§ **Extracted data entries**:
-------------------------
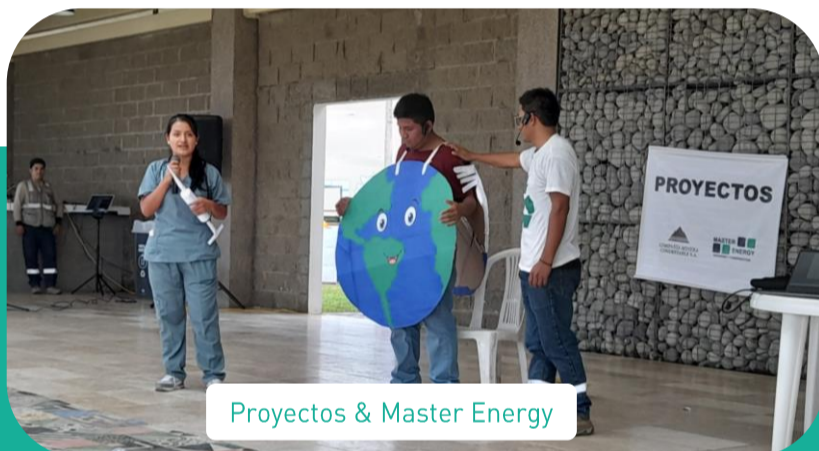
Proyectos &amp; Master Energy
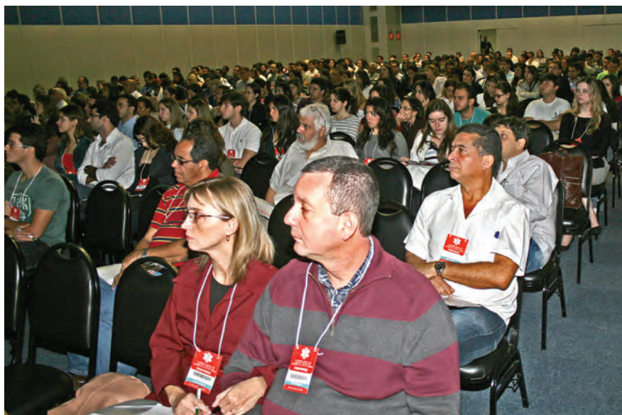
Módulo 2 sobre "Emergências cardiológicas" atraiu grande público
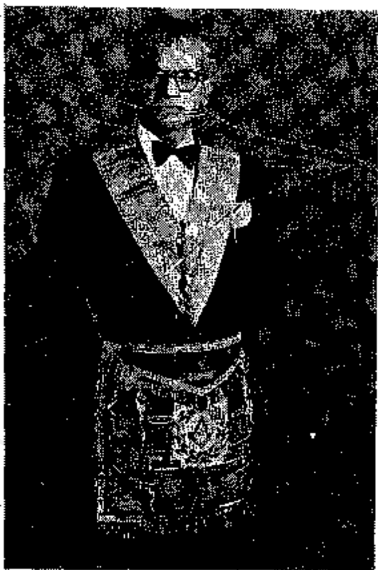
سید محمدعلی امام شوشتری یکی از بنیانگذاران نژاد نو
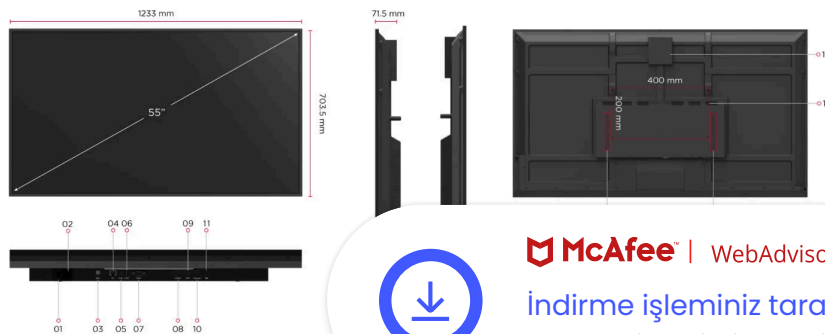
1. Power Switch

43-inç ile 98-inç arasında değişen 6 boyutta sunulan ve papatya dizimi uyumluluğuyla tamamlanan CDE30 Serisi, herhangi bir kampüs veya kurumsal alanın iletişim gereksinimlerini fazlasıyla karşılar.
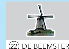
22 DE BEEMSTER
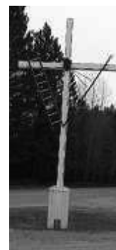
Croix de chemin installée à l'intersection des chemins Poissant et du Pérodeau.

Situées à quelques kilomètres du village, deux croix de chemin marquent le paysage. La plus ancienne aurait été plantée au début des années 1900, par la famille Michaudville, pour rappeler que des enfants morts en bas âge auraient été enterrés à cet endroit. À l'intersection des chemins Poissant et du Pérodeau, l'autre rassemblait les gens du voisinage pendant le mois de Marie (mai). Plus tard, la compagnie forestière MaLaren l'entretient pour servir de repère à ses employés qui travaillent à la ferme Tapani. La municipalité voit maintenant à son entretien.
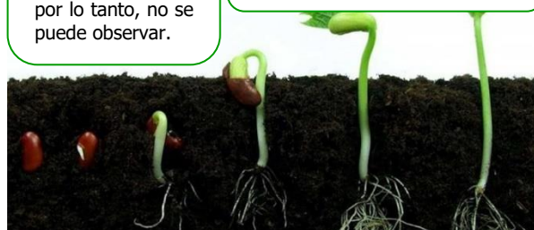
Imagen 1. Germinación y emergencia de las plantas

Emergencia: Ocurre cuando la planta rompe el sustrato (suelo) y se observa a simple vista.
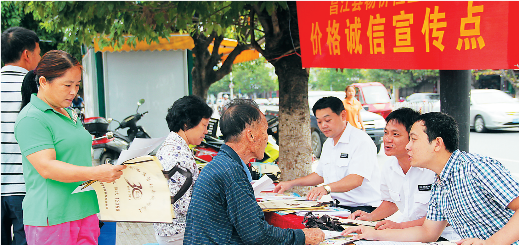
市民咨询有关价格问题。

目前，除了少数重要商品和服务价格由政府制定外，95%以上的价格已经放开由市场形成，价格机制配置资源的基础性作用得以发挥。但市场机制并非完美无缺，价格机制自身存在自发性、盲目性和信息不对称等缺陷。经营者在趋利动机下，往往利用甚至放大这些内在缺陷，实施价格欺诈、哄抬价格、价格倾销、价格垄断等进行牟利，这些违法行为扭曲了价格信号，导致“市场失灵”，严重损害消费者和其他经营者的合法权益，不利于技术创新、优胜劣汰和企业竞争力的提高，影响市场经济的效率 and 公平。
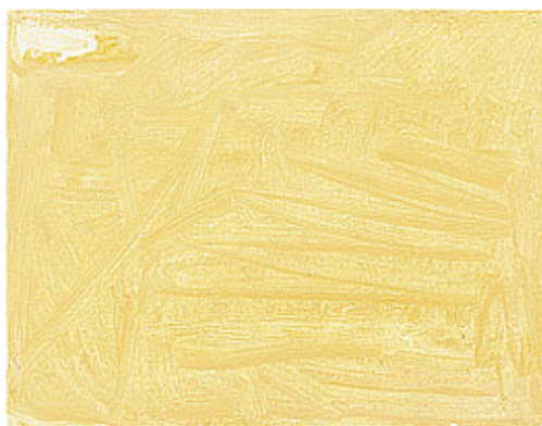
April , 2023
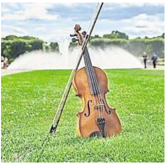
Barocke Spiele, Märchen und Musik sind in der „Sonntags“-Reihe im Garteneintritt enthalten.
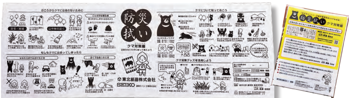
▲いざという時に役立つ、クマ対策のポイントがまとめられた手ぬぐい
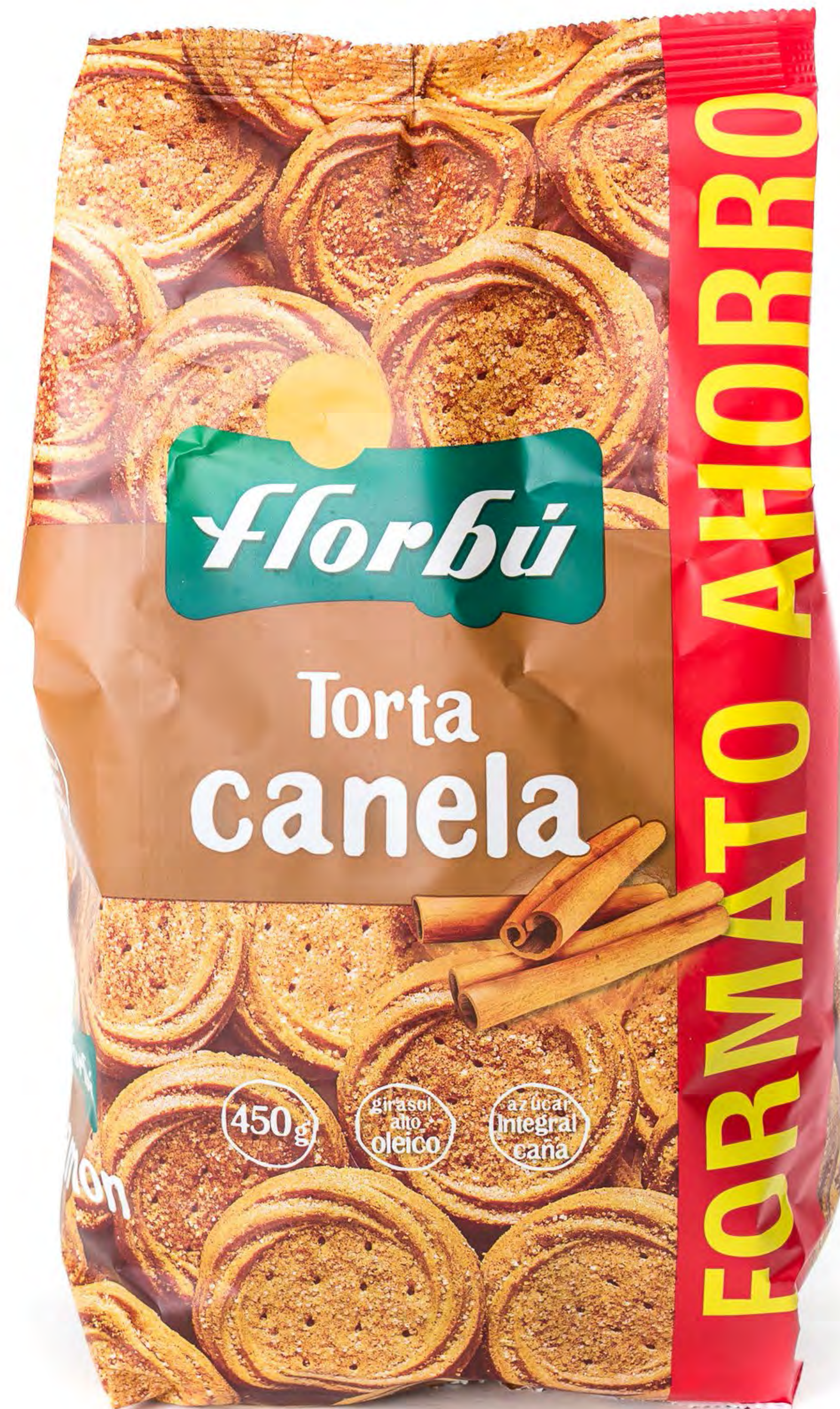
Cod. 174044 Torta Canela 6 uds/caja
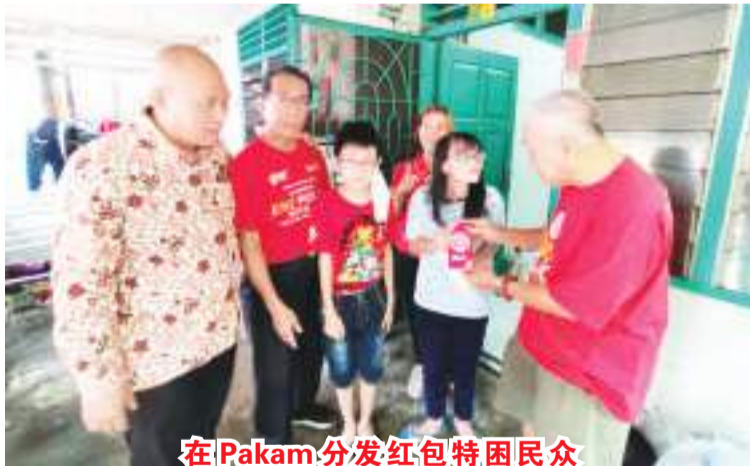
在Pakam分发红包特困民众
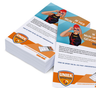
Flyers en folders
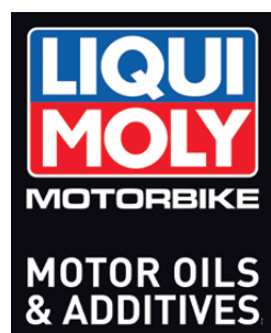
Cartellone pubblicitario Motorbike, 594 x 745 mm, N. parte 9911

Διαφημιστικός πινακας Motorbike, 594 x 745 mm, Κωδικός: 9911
-------------------------
§ **TASK GOAL**:
In the records above, find the line with "سید محمدعلی امام". Print exactly from there through the line with "Croix de chemin installée", minus the pictures.

§ **TASK OUTPUT**:
سید محمدعلی امام شوشتری یکی از بنیانگذاران نژاد نو
1. Power Switch

43-inç ile 98-inç arasında değişen 6 boyutta sunulan ve papatya dizimi uyumluluğuyla tamamlanan CDE30 Serisi, herhangi bir kampüs veya kurumsal alanın iletişim gereksinimlerini fazlasıyla karşılar.
22 DE BEEMSTER
Croix de chemin installée à l'intersection des chemins Poissant et du Pérodeau.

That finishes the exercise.